28 September 2018

Axial SCX10-II 2000 Jeep Cherokee kit (AX90046) build report/review Part 1

It has been about half a year since I actually built this kit, but as it is my main RC, I still wanted to do a write up on it. This is Part 1 of that write up.

Intro
I had a first taste of RC crawling with the FTX Outback Mini, I liked it and I wanted more. After doing a little (well, a lot really) of homework, I decided to buy the Axial SCX10-II 2000 Jeep Cherokee kit (AX90046). I chose the kit version as they give you good insight in how your rig is put together, which saves you a lot of time puzzling when you have to replace or want to upgrade a part. Another advantage is that you don't pay for electronics that you will probably end up replacing anyway. Also, I like to build almost as much as I like to ride, so going with a kit is pretty much a no-brainer for me.
The SCX10-II platform was chosen because it has good parts support, both from manufacturer and 3rd party, guaranteeing you can keep your rig running for years to come and giving you tons of tuning options to adjust it to your personal preferences.
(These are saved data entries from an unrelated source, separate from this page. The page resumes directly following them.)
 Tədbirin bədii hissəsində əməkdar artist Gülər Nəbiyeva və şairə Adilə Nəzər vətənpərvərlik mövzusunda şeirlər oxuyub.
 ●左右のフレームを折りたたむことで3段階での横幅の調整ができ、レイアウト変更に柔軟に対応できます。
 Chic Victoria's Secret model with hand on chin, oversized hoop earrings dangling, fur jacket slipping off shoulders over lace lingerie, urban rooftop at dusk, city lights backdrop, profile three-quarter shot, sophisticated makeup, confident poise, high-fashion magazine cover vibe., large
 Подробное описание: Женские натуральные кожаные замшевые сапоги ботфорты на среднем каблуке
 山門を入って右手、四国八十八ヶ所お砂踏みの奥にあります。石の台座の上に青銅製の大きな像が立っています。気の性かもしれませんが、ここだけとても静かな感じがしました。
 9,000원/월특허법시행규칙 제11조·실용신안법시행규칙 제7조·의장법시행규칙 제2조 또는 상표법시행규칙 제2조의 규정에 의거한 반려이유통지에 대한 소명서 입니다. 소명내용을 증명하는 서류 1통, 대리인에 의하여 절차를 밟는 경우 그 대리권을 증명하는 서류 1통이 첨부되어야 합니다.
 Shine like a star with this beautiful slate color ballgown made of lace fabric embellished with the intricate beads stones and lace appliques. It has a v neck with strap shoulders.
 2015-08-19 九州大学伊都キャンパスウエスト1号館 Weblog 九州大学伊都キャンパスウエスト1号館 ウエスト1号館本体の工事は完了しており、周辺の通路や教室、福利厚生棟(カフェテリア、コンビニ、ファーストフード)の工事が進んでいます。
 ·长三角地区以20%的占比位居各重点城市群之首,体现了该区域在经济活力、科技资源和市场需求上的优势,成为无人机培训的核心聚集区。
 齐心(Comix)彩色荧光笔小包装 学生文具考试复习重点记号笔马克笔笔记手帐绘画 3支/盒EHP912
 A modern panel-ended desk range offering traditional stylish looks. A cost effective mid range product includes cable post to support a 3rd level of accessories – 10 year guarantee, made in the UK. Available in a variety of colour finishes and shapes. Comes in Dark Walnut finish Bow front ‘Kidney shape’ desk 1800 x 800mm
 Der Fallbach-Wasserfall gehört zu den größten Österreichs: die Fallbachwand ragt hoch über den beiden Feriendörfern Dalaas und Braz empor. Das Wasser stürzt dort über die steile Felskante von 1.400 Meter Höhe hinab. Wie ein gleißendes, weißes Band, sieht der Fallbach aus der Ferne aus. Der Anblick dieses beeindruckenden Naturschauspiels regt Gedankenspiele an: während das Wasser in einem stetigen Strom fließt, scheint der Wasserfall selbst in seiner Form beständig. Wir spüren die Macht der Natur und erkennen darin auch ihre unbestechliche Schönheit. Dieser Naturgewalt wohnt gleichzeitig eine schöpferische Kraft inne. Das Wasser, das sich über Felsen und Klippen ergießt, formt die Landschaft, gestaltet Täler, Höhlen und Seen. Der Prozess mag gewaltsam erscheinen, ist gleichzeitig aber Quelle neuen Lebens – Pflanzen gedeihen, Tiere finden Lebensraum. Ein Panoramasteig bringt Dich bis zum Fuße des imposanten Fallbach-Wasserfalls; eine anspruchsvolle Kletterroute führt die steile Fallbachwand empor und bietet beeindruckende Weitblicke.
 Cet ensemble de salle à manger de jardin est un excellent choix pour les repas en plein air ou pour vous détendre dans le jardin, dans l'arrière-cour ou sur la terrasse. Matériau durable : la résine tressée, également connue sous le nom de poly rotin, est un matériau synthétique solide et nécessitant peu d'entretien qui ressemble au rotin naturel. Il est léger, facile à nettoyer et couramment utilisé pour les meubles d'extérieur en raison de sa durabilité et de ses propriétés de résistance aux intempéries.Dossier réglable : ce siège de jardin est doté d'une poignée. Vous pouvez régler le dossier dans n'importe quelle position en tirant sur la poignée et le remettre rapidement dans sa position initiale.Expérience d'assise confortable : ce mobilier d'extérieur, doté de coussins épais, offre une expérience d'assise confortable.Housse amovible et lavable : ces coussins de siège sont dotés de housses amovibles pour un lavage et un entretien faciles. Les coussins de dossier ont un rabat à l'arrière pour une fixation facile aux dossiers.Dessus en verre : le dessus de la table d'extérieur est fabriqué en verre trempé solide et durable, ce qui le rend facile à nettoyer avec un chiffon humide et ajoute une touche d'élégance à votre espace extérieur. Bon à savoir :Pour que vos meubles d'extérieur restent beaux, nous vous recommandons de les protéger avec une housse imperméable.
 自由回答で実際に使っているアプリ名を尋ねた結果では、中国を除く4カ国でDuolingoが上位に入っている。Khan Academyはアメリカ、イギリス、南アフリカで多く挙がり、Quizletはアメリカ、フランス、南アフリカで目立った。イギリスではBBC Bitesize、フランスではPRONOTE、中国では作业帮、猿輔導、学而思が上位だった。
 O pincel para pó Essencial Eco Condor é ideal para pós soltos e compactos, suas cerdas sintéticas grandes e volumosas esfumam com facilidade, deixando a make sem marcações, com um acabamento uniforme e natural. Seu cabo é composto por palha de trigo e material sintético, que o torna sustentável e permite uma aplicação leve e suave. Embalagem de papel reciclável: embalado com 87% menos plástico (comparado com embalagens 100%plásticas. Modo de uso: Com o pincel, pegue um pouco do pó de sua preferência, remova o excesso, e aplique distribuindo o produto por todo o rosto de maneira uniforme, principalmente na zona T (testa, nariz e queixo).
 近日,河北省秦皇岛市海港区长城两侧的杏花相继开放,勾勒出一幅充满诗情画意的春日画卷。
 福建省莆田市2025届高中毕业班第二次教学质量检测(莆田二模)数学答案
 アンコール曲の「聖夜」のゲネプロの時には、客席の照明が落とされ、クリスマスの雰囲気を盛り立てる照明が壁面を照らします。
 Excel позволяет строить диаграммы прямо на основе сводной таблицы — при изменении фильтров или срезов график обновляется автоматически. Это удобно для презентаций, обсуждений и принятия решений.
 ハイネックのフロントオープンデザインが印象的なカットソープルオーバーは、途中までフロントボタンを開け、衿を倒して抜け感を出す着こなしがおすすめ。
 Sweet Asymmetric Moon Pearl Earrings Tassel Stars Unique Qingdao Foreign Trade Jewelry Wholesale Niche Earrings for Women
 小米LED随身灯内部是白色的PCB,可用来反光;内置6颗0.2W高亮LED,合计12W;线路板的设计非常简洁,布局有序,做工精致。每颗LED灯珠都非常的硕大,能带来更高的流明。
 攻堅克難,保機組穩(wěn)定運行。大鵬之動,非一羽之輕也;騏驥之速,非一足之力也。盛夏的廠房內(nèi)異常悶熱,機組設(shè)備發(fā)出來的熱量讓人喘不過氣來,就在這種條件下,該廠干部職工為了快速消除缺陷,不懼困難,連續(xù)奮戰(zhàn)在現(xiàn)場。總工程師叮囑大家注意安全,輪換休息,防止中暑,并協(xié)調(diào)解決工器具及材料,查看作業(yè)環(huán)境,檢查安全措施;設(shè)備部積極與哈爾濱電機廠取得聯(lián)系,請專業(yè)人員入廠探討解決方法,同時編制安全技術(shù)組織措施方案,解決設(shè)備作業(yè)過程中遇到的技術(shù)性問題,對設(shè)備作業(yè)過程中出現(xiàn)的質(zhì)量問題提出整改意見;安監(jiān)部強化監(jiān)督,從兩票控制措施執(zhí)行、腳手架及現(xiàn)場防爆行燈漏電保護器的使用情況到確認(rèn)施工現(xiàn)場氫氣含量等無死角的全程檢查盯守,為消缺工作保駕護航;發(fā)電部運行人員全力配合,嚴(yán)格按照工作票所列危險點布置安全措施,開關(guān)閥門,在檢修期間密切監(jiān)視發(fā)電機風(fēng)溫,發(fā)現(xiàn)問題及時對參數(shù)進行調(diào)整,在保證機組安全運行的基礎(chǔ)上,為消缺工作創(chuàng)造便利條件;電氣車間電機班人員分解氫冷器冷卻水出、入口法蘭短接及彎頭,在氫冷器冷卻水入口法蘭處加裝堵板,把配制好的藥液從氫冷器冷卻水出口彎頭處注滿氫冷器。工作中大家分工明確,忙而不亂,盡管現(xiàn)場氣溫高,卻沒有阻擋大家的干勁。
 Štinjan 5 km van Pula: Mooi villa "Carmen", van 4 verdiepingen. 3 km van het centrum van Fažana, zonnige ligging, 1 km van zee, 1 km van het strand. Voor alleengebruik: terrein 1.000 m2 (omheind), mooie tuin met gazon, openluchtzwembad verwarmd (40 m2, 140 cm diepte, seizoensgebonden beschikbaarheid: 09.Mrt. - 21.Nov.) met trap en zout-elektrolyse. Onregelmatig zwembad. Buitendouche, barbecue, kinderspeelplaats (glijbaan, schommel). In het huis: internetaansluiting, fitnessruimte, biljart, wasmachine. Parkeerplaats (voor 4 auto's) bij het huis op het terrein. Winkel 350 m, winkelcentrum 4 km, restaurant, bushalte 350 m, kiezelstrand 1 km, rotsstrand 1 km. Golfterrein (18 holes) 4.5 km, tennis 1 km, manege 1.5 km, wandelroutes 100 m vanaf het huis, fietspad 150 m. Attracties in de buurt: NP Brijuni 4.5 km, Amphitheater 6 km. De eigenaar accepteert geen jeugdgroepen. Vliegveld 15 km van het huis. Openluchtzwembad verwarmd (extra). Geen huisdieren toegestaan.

And of course because it has proven itself to be a very capable machine.

Parts etc. used
  • Axial SCX10-II 2000 Jeep Cherokee kit (AX90046)
  • JX DC5821LV waterproof servo
  • Surpass Hobby Platinum 3100KV sensorless brushless motor
  • Hobbywing EZRun 60A Waterproof ESC
  • Radiolink RC3S transmitter
  • Radiolink R4EH-H
  • Tamiya PS-4 (blue) and PS-5 (black) paint
  • Loctite 243 threadlocker
The motor and ESC were bought for another project, but I ended up using different parts for that, so these were what I had available and seemed like a decent enough starting point. But I knew they would have to be replaced sooner or later to make the most out of this rig. At first I was planning to use the waterproof servo that came stock my HPI Bullet Flux MT, but after reading up on crawling a bit, I decided against using it and opted for the stronger JX.

Axles
After the usual ignoring of the advice to check if everything is complete, the manual starts you off with building the axles. The instructions are clear, the fit and finish of the parts is good, so putting them together is a breeze. But once I got to screwing on the differential covers, I noticed that the quality of the hardware provided with this kit is not what you'd expect in this price range.
Grease and thread locking compound are supplied with the kit, but I chose to substitute the latter for my own trusty bottle of Loctite 243. The little bottle supplied with the kit looks similar, but after a very frustrating experience with a ARR (where the threadlocker used seemed more like a cyanoacrylate adhesive), I wasn't going to take any chances.
The AR44 axle housing is the same for front and rear, the difference is made by the fitting of C-hubs and steering knuckles to the front and lockouts to the rear. This immediately gave me some ideas for 4 wheel steering mods, but I shouldn't be getting ahead of things. All in all the building of the axles is pretty straightforward, the only real point of attention being the angle at which the C-hubs are mounted.

Links
Next up are the steering and suspension links, again, pretty straightforward. The included links are non-adjustable (without using shims etc.), so it is just a matter of screwing everything together. The hardest part being screwing the threaded ends all the way into the unthreaded plastic rod ends. Once the links are put together, it's just a matter of attaching them to the axles in the right place.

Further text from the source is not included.